EXERCISE INPUTS START

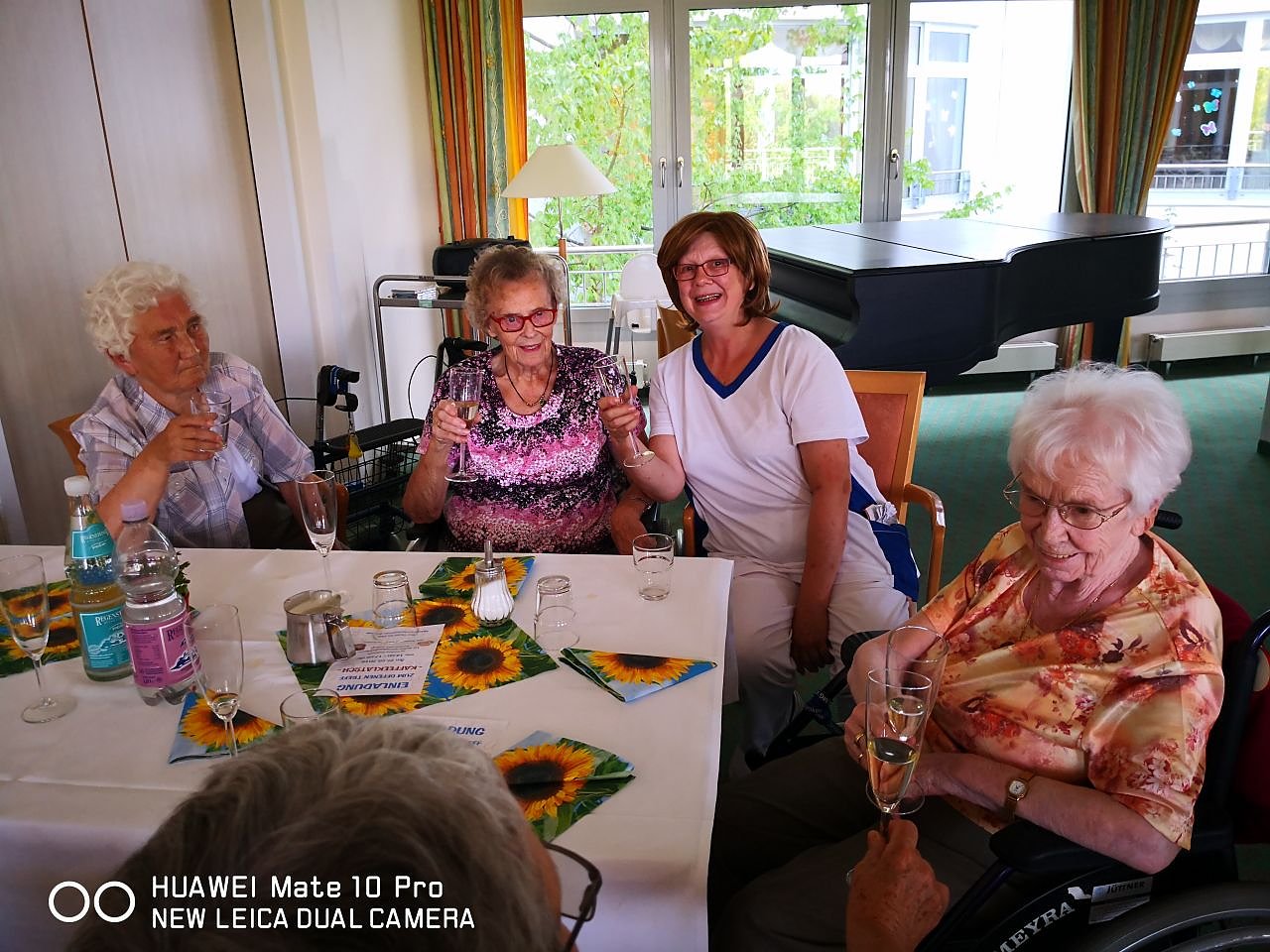 Zu selbstgebackenem Kuchen wurden Kaffee und Sekt gereicht. Das KMG Mehrgenerationenhaus Sülzhayn veranstaltet diese Nachmittage regelmäßig, damit Bewohnerinnen und Bewohner, Ihre Angehörigen und die Mitarbeiterinnen und Mitarbeiter der Einrichtung in gutem persönlichem Kontakt zueinander stehen, sich über anstehende Themen austauschen und Zeit miteinander verbringen, die für alle Beteiligten ein wichtiges Erlebnis ist.
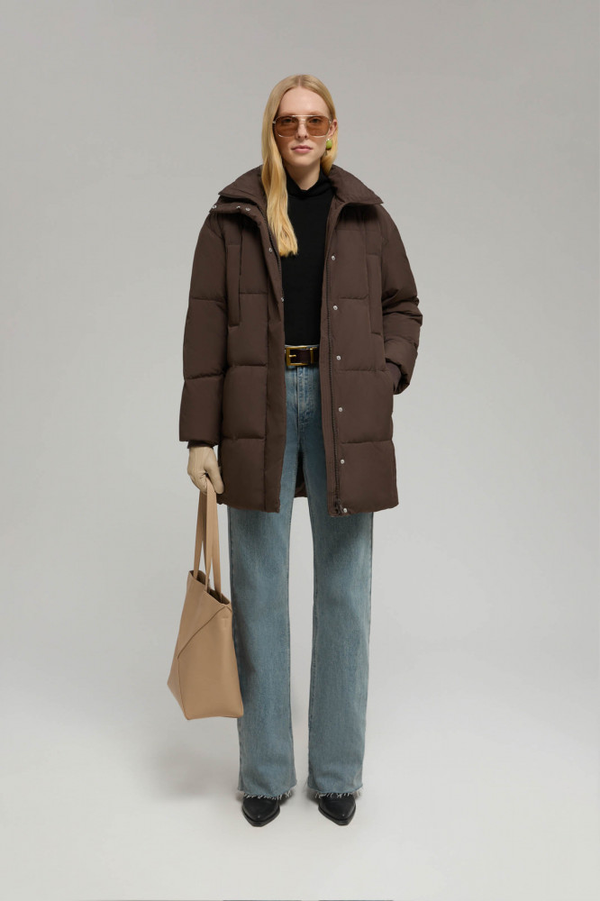 Стеганый удлиненный пуховик с натуральным пухом — в таком будет тепло даже в сильный мороз. Выполнен из технологичной ткани, которая благодаря специальным пропиткам защищает от мокрого снега, дождя и ветра, при этом пропускает воздух и позволяет телу дышать. Ткань устойчива к загрязнениям и отличается износостойкостью.
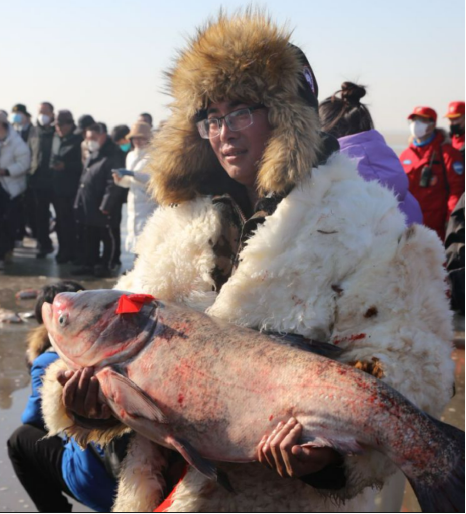 據(jù)了解,哈素海第一屆冰雪旅游節(jié),頭魚現(xiàn)場(chǎng)拍賣出6.8萬(wàn)元的價(jià)格,2024年頭魚拍賣成交價(jià)為40.8萬(wàn)元。
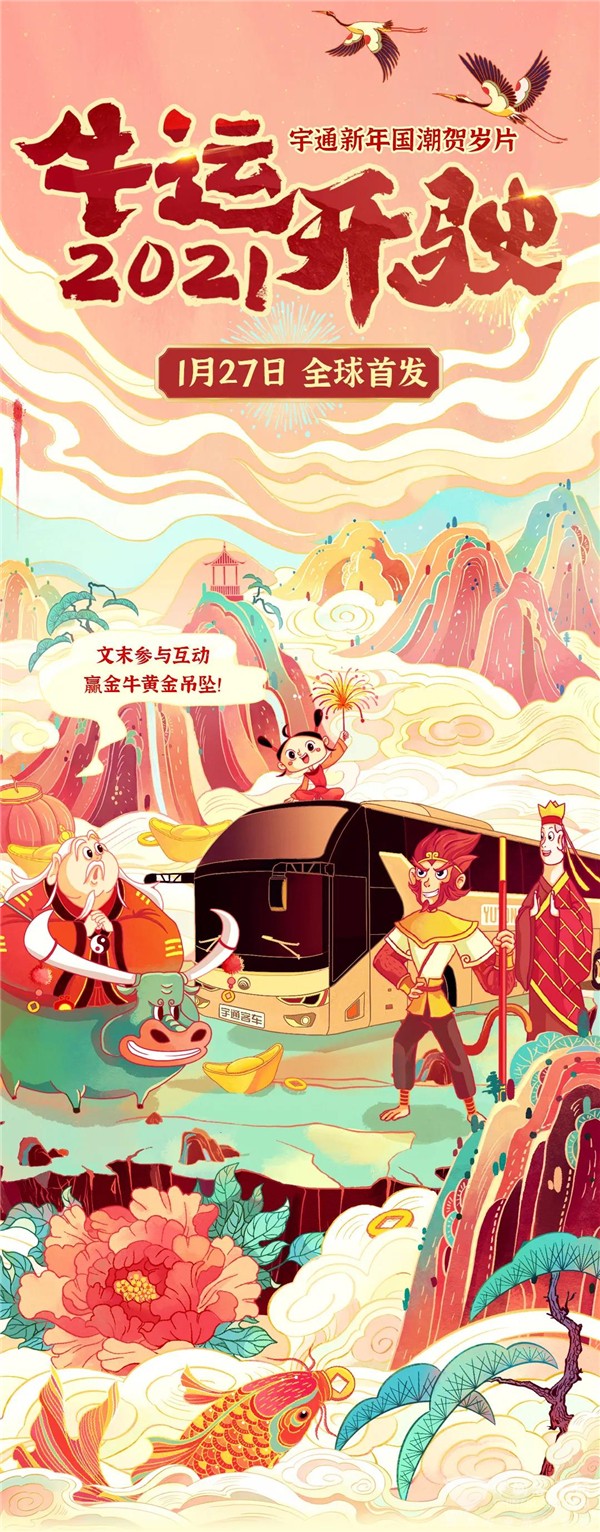 2021年1月27日,宇通客车正式在全球发布新春贺岁短片——《2021牛运开驶》,刚一上线就惊喜不断。这部取材于《西游记》的动画片巧妙融合了现代元素,演绎了一个全新的“智斗青牛精”的故事,以风趣幽默的方式,让人们重新认识了中国制造的另一面。
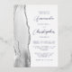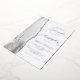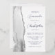 El borde izquierdo de esta elegante y moderna invitación a la boda incluye un borde de ágata de color gris con un falso purpurina de plata. El texto de personalizable combina secuencias de comandos y sans serif en Relieve metalizado plateado real sobre fondo blanco. El reverso presenta un diseño de agate que coincide.
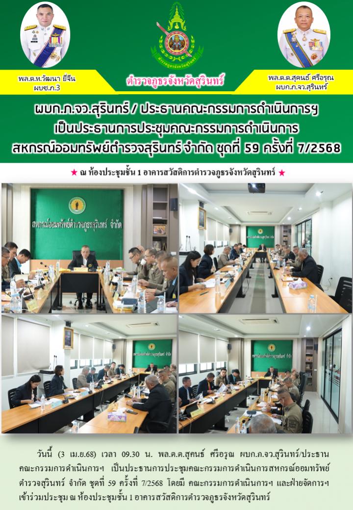 3 เม.ย. 2568 17:23:00ผบก.ภ.จว.สุรินทร์ / ประธานคณะกรรมการดำเนินการฯ เป็นประธานการประชุมคณะกรรมการดำเนินการสหกรณ์ออมทรัพย์ตำรวจสุรินทร์ จำกัด ชุดที่ 59 ครั้งที่ 7/2568 วันนี้ (3 เม.ย.68) เวลา 09.30 น. พล.ต.ต.สุคนธ์ ศรีอรุณ ผบก.ภ.จว.สุรินทร์/ประธานคณะกรรมการดำเนินการฯ เป็นประธานการประชุมคณะกรรมการดำเนินการสหกร...

EXERCISE INPUTS END

**TASK TO COMPLETE:** What is needed is an exact copy of all the records, minus any pictures.

**SOLUTION BELOW:**
 Zu selbstgebackenem Kuchen wurden Kaffee und Sekt gereicht. Das KMG Mehrgenerationenhaus Sülzhayn veranstaltet diese Nachmittage regelmäßig, damit Bewohnerinnen und Bewohner, Ihre Angehörigen und die Mitarbeiterinnen und Mitarbeiter der Einrichtung in gutem persönlichem Kontakt zueinander stehen, sich über anstehende Themen austauschen und Zeit miteinander verbringen, die für alle Beteiligten ein wichtiges Erlebnis ist.
 Стеганый удлиненный пуховик с натуральным пухом — в таком будет тепло даже в сильный мороз. Выполнен из технологичной ткани, которая благодаря специальным пропиткам защищает от мокрого снега, дождя и ветра, при этом пропускает воздух и позволяет телу дышать. Ткань устойчива к загрязнениям и отличается износостойкостью.
 據(jù)了解,哈素海第一屆冰雪旅游節(jié),頭魚現(xiàn)場(chǎng)拍賣出6.8萬(wàn)元的價(jià)格,2024年頭魚拍賣成交價(jià)為40.8萬(wàn)元。
 2021年1月27日,宇通客车正式在全球发布新春贺岁短片——《2021牛运开驶》,刚一上线就惊喜不断。这部取材于《西游记》的动画片巧妙融合了现代元素,演绎了一个全新的“智斗青牛精”的故事,以风趣幽默的方式,让人们重新认识了中国制造的另一面。
 El borde izquierdo de esta elegante y moderna invitación a la boda incluye un borde de ágata de color gris con un falso purpurina de plata. El texto de personalizable combina secuencias de comandos y sans serif en Relieve metalizado plateado real sobre fondo blanco. El reverso presenta un diseño de agate que coincide.
 3 เม.ย. 2568 17:23:00ผบก.ภ.จว.สุรินทร์ / ประธานคณะกรรมการดำเนินการฯ เป็นประธานการประชุมคณะกรรมการดำเนินการสหกรณ์ออมทรัพย์ตำรวจสุรินทร์ จำกัด ชุดที่ 59 ครั้งที่ 7/2568 วันนี้ (3 เม.ย.68) เวลา 09.30 น. พล.ต.ต.สุคนธ์ ศรีอรุณ ผบก.ภ.จว.สุรินทร์/ประธานคณะกรรมการดำเนินการฯ เป็นประธานการประชุมคณะกรรมการดำเนินการสหกร...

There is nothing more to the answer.